Secretary of State for the Home Department v. Moussa

THE SECRETARY OF STATE FOR THE HOME DEPARTMENT v MOUSSA, TH/769/75(568)

Immigration Appeal Tribunal

[1976] Imm AR 78

Hearing Date: 7 January 1976

7 January 1976

Index Terms:

Employment -- Visitor (non-Commonwealth) admitted on a condition prohibiting employment -- Application to work in city engineer's department as electrician -- Refusal of application without reference to Department of Employment -- No reasons or facts stated by Home Office showing whether under relevant rule the application had been considered a 'normal' one justifying refusal without reference to the Department of Employment -- Form of refusal contrary to Immigration Regulations -- Explanatory statement defective under the Immigration Rules -- Immigration Appeals (Notices) Regulations 1972 (SI 1972 No 1683), reg 4(1)(a) -- Immigration Appeals (Procedure) Rules 1972 (SI 1972 No 1684) r 8(1) -- HC 82, para 5.

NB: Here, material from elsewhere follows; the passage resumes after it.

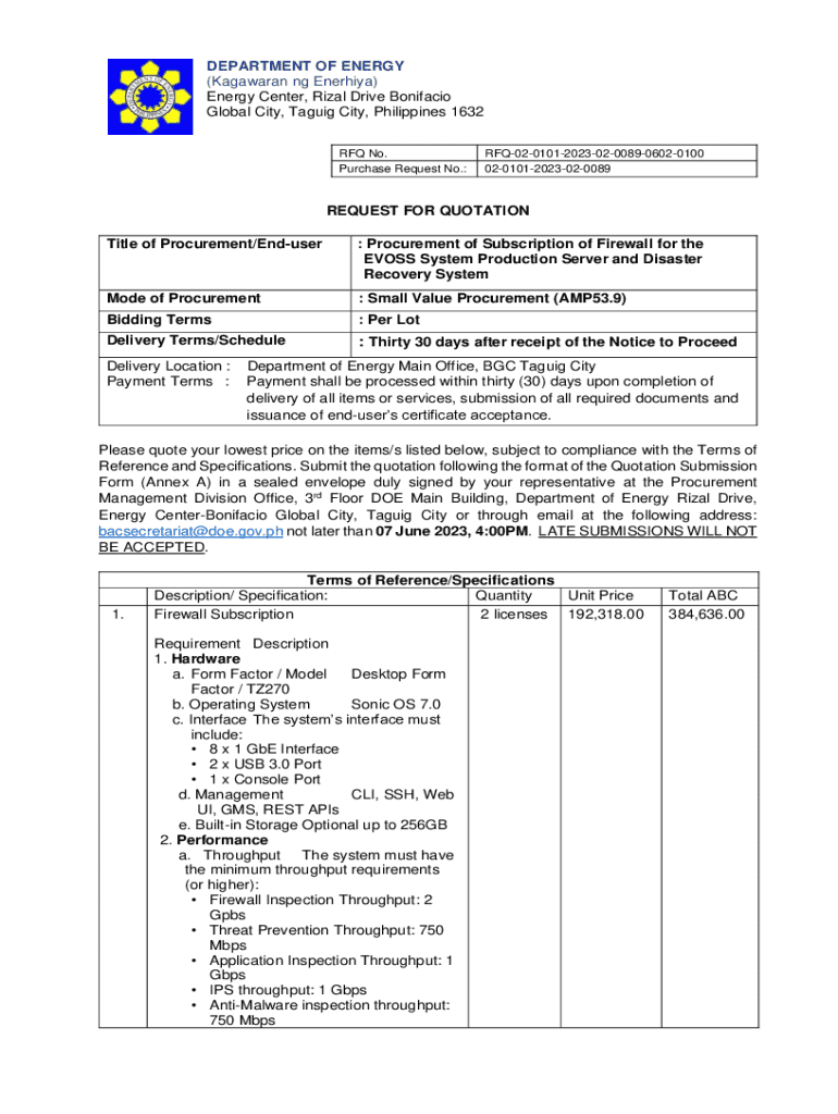 DEPARTMENT OF ENERGY (Kagawaran ng Enerhiya) Energy Center, Rizal Drive Bonifacio Global City, Taguig City, Philippines 1632 RFQ No. Purchase Request No.:RFQ020101202302008906020100 0201012023020089REQUEST

Employment -- Decision of Secretary of State refusing application under para 5 of HC 82 -- Refusal, as recorded, held not in accordance with immigration procedure Rules and Regulations -- Adjudicator's task also to determine whether refusal without reference to the Department of Employment was proper on the facts though not, as recorded, complying with statutory procedure -- Immigration Act 1971, s 19(2) -- HC 82, para 5.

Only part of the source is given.